Японка почти не видела своего мужа и чувствовала себя одинокой. Она часто заходила к бабушке и приносила с собой саке, а бабушка готовила какую — нибудь закуску, вроде соленых овощей в соевом соусе. Бабушка немного говорила по — японски, а японка — по — китайски. Они напевали песни и, расчувствовавшись, вместе плакали. Нередко они помогали друг другу в саду. У японки был красивый садовый инструмент, приводивший бабушку в восхищение, а маму часто приглашали в сад поиграть.
Но семья не могла не слышать о том, что творили японцы.
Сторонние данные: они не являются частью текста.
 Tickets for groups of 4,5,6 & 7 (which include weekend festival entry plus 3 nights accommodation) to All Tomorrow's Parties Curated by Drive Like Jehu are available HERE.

На бескрайних просторах северной Маньчжурии они жгли деревни и сгоняли тех, кто выжил, в «стратегические поселения». Более пяти миллионов человек, около одной шестой населения, остались без крова, десятки тысяч погибли. Рабочие умирали в шахтах, где они под надзором японцев добывали руду для отправки в Японию — Маньчжурия была очень богата полезными ископаемыми. Многие страдали солевым голоданием, и им не хватало сил совершить побег.
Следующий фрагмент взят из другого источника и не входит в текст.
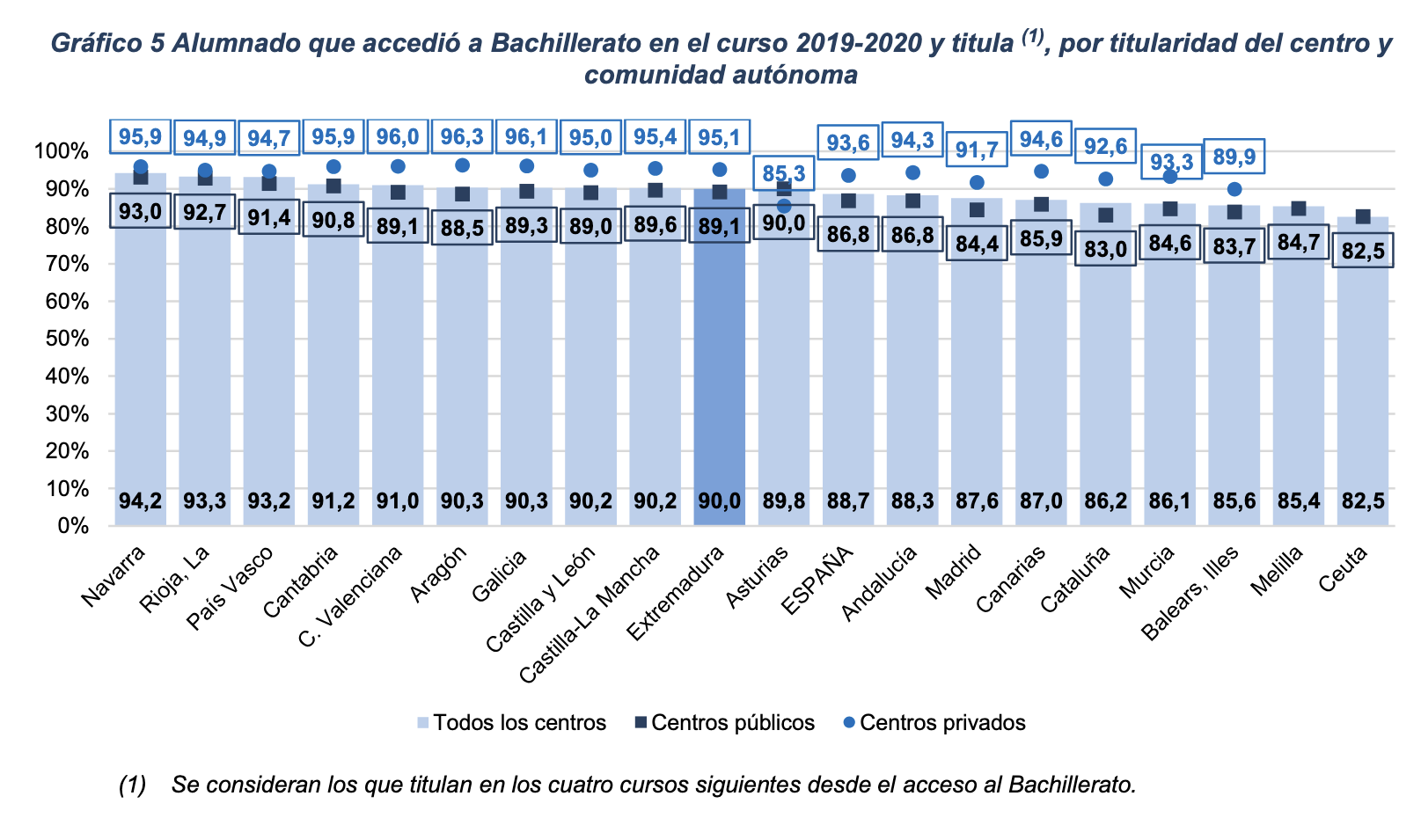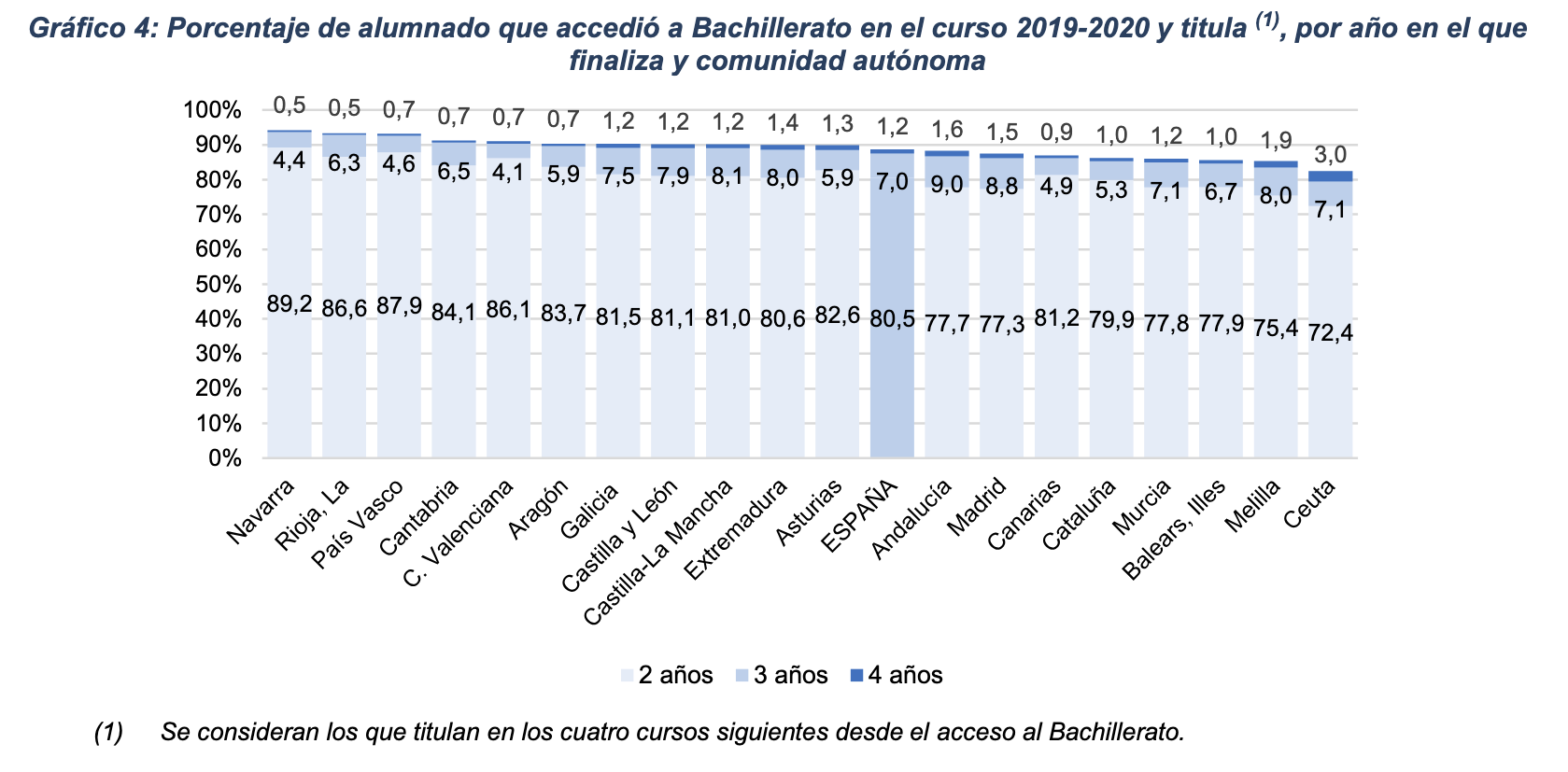 Según la última Estadística del seguimiento educativo y rendimiento académico del alumnado que accede a Bachillerato, ocho de cada diez estudiantes que empezaron este ciclo en 2019-20 titularon a los dos años mientras que un 7% lo hizo al tercer año y en el cuarto año lo hace un 1,2%. Las comunidades con mayores porcentajes de alumnado que consigue el título en dos años fueron la Comunidad Foral de Navarra (89%), País Vasco (88%), La Rioja (87%) y Comunidad Valenciana (86%). En el tercer año destaca el porcentaje de titulados de Andalucía (9%), Comunidad de Madrid (8,8%) y Castilla-La Mancha y Baleares (8%).

Долгое время доктор Ся утверждал, что император не знает о жестокости японцев, потому что фактически и сам их узник. Но когда Пу И стал называть Японию не «дружественной соседней державой», как раньше, а «державой — старшим братом», а потом «державой — родительницей», доктор Ся удар/ил кулаком по столу и обозвал его «слабоумным трусом». Но даже тогда он говорил, что не знает, насколько император отвечает за зверства, пока в жизни семьи Ся не произошли два горестных события.
В конце 1941 года в кабинет доктора Ся вошел незнакомец. Он был одет в лохмотья, истощен и не мог разогнуться. Человек объяснил, что он железнодорожный кули и его мучают страшные боли в животе. На работе ему приходилось триста шестьдесят пять дней в году от рассвета до заката таскать тяжелые грузы. Он не знал, как ему быть, потому что без работы не мог прокормить жену и новорожденного ребенка.
Доктор Ся сказал, что желудок этого человека не способен усваивать грубую пищу. 1 июня 1939 года правительство объявило, что отныне все запасы риса предназначаются для японцев и кое — кого из коллаборационистов. Большинство местного населения питалось желудевой мукой и гаоляном, которые почти невозможно было переварить. Доктор Ся бесплатно дал человеку лекарство и попросил у бабушки мешочек риса, купленный ею на черном рынке.
Вскоре доктору Ся сообщили, что этот человек умер в концлагере. Вернувшись из лечебницы, он поел риса и вышел на работу, где его вырвало. Японский надсмотрщик заметил в блевотине рис, кули арестовали как «экономического преступника» и отправили в лагерь, где он прожил всего несколько дней. Когда жена узнала, что с ним случилось, она утопилась вместе с ребенком.
Этот случай поверг доктора Ся и бабушку в глубокое горе. Они винили себя в его смерти. Не раз доктор Ся говорил: «Рис не только спасает, но и убивает! Маленький мешочек — три жизни!» Он начал называть Пу И «этот тиран».
Вскоре беда подошла ближе. Младший сын доктора Ся работал в Исяне учителем. Как и во всех школах Маньчжоу — го, в кабинете директора — японца висел большой портрет Пу И, которому все должны были кланяться всякий раз, как заходили туда. Однажды сын доктора Ся забыл поклониться портрету. Директор крикнул, чтобы он немедленно поклонился, и так сильно ударил его по лицу, что тот едва устоял на ногах. Сын доктора Ся гневно ответил: «Почему я должен целый день сгибаться пополам? Почему я не могу распрямить спину даже на мгновение? Я только что кланялся на утреннем собрании…» Директор ударил его опять и рявкнул: «Это ваш император! Вас, маньчжур, нужно учить элементарным приличиям!» Сын доктора Ся крикнул в ответ: «Подумаешь! Это всего лишь бумага!» Два других учителя из местных сумели удержать его от дальнейших неосторожных замечаний. Он взял себя в руки и изобразил нечто вроде поклона.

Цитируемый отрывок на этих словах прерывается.